━━━━━ THE DATA

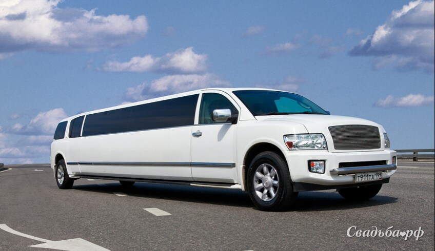 Белоснежный лимузин Infiniti QX отличается элегантными формами, безукоризненной геометрией и высокой надёжностью на дороге. Этот красавец поможет вашему свадебному кортежу выделиться из общего потока машин, а вам - почувствовать себя в центре внимания. Комфортный салон модели рассчитан на 20 пассажиров и оборудован по последнему слову техники.
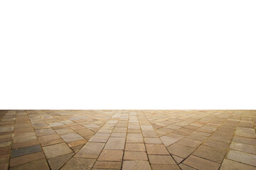 Flower bed in the park. The sidewalk is covered with red paving slabs.
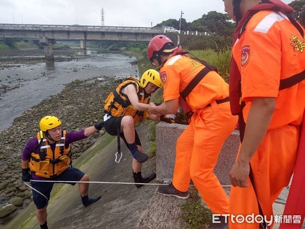 該名女子表示,因看見黑色小狗受困岸際,隨即下去救狗,未料因該處地形不易攀爬,造成自身受傷受困。所幸獲岸巡及消防人員救護平安脫險。
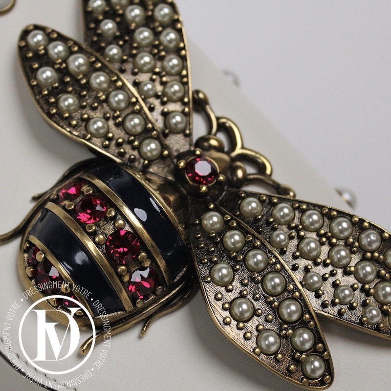 Grosse abeille (14,5 x 8 cm) en métal doré orné en perles nacrées et de cristaux rouges sur le rabat
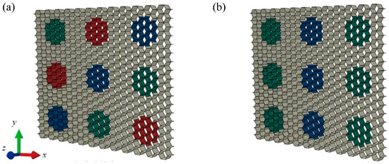 Based on the configurational rule of modular honeycombs, a diverse array of such structures can be crafted by tuning the arrangement of honeycomb blocks and modulating the wall thickness of the sub-honeycombs. Figure 4 illustrates two types of modular honeycombs, with the sub-honeycombs displayed in different colors to represent varying wall thicknesses. Despite the variances in these structural configurations, the mechanisms by which these modular honeycombs enhance impact resistance and how the wall thickness of sub-honeycombs influences the deformation modes are consistent across configurations. This section specifically examines the modular honeycomb shown in Figure 4b to delineate the methodology for constructing an in-plane compression numerical model tailored to modular honeycomb structures.
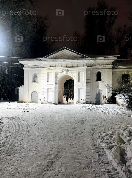 Колокольня ворот в Антониевском монастыре в Великом Новгороде. январь 2026
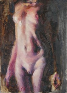 Alla prima of a frontal female nude torso. 5×7′ oil on Ampersand panel
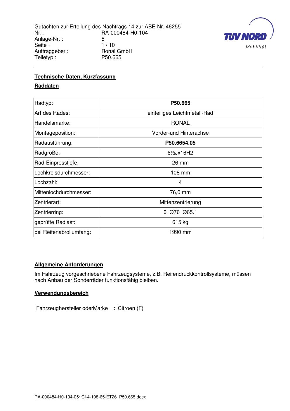 Dieses abe gehört zur Felge Ronal P50.665 in ET0 mit KBA 46255. Die Seite ist dafür gedacht, dass du schnell prüfen kannst, ob KBA, Design und Größe zu deiner Felge passen und danach direkt das richtige PDF lädst.
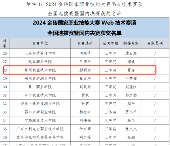近日,2024金磚國家職業技能大賽Web技術賽項全國選拔賽暨國內決賽在濟寧職業技術學院成功舉辦,來自全國的49支參賽隊伍參與本次比賽。經過激烈地競技角逐,我校信息工程學院學生彭明發在本次大賽中斬獲三等獎。
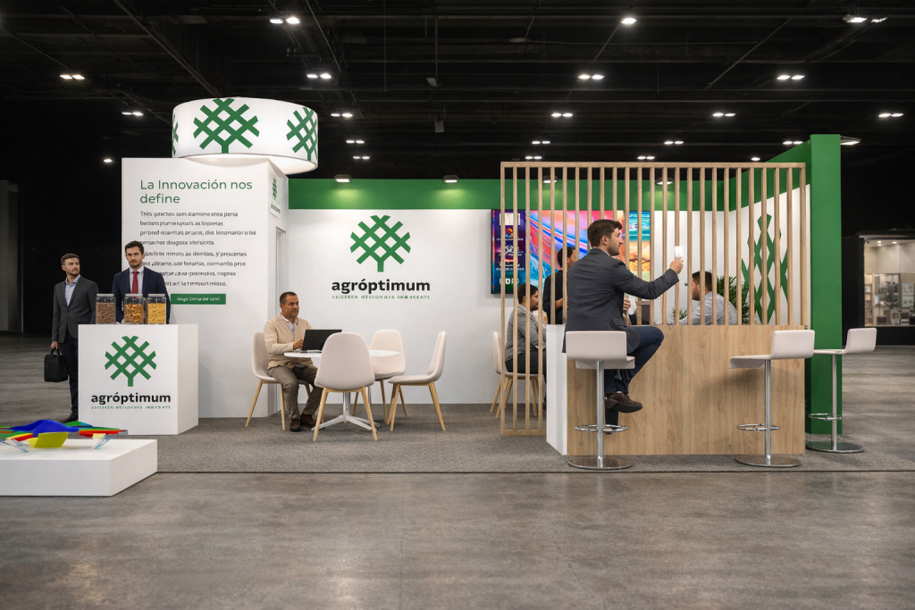 Participar en este evento exige espacios expositivos capaces de comunicar tecnología, confianza y liderazgo, algo que el stand de Agróptimum consigue mediante un diseño claro, abierto y altamente reconocible.
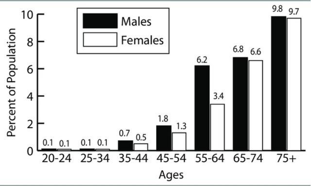 上图是2002年美国男性(黑色)和女性(白色)各个年龄组(横轴)患心衰的百分比(纵轴)
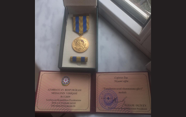 İ. Cəfərov qeyd edib ki, ötən ilin oktyabrında Zəngilan döyüşlərində sağ əlindən qumbara partlaması nəticəsində qəlpə yarası alıb: “4 ay Dövlət Sərhəd Xidmətinin hərbi hospitalında yatmışam. “Zəngilanın azad edilməsi uğrunda” medalı ilə təltif edilmişəm”.
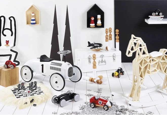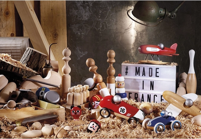 Jucăria este realizată din lemn lăcuit, oferind nu doar durabilitate, ci și un aspect plăcut. Execuția din Franța aduce produse de calitate și sigure.
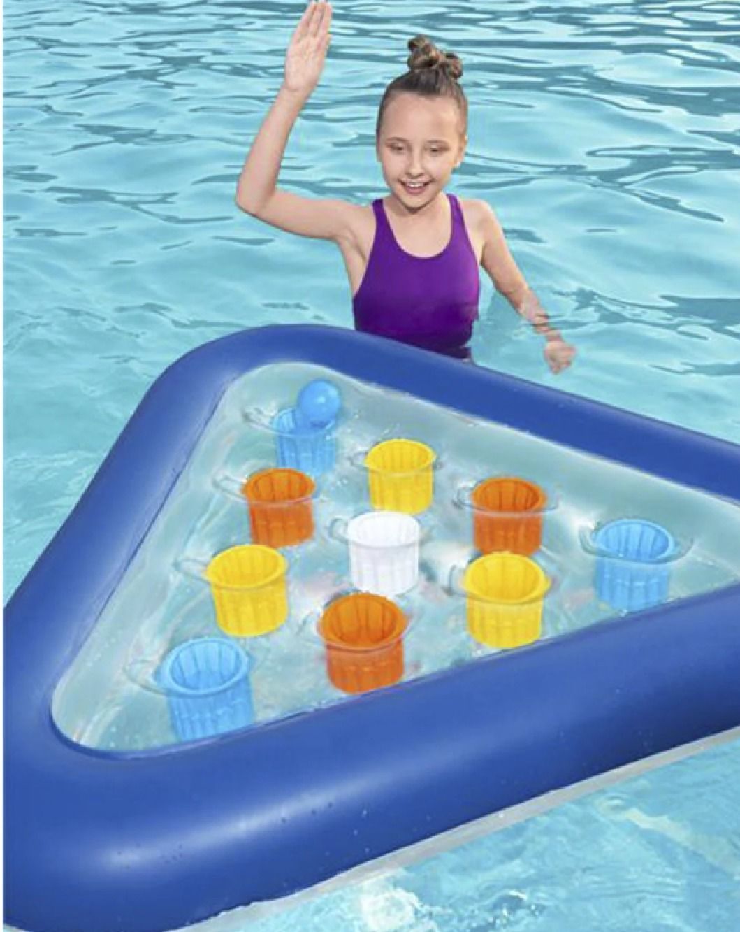 Juego de billar Pong Champion Infable, fabricado por Bestway calidad en cada producto. Mide 105 cm x 97 cm. El juego cuenta con 10 agujeros identificados por color, y cada pelota debe embocar en su color correspondiente.
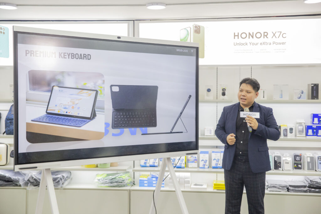 ថេប្លេតកូនកាត់ AI Laptop ហនណឺ ផេត អ៊ិច ប្រាំបួន អេ (HONOR Pad X9a) ត្រូវបានក្រុមហ៊ុនរចនារូបរាងស្រស់ស្អាត ស៊ីវិល័យទាន់សម័យ ស្រាលស្តើងងាយស្រួលកាន់ដោយដៃម្ខាង! ចាប់ពីថ្ងៃនេះ រហូតដល់ថ្ងៃទី 30 មិថុនា 2025 អតិថិជនអាច កក់ទុកមុន ថេប្លេត ហនណឺ ផេត អ៊ិច ប្រាំបួន អេ (HONOR Pad X9a) ក្នុងតម្លៃត្រឹមតែ 259$ ថែមកាដូ ប្លូធូ Keyboard, ស្រ្គីនការពារអេក្រង់, និង Mousepad សរុបជាទឹកប្រាក់ 128$។ កាន់តែពិសេសថែមតែ10$ ពីលើ នឹងទទួលបានប៊ិចឆ្លាតវៃភ្លាមៗ៕

━━━━━━━━━━

ASSIGNMENT:
Once you find the line containing "Juego de billar", retype it and every line after it through the last line of the records above, exactly. Add nothing else, and leave out the pictures.

ANSWER SECTION:
 Juego de billar Pong Champion Infable, fabricado por Bestway calidad en cada producto. Mide 105 cm x 97 cm. El juego cuenta con 10 agujeros identificados por color, y cada pelota debe embocar en su color correspondiente.
 ថេប្លេតកូនកាត់ AI Laptop ហនណឺ ផេត អ៊ិច ប្រាំបួន អេ (HONOR Pad X9a) ត្រូវបានក្រុមហ៊ុនរចនារូបរាងស្រស់ស្អាត ស៊ីវិល័យទាន់សម័យ ស្រាលស្តើងងាយស្រួលកាន់ដោយដៃម្ខាង! ចាប់ពីថ្ងៃនេះ រហូតដល់ថ្ងៃទី 30 មិថុនា 2025 អតិថិជនអាច កក់ទុកមុន ថេប្លេត ហនណឺ ផេត អ៊ិច ប្រាំបួន អេ (HONOR Pad X9a) ក្នុងតម្លៃត្រឹមតែ 259$ ថែមកាដូ ប្លូធូ Keyboard, ស្រ្គីនការពារអេក្រង់, និង Mousepad សរុបជាទឹកប្រាក់ 128$។ កាន់តែពិសេសថែមតែ10$ ពីលើ នឹងទទួលបានប៊ិចឆ្លាតវៃភ្លាមៗ៕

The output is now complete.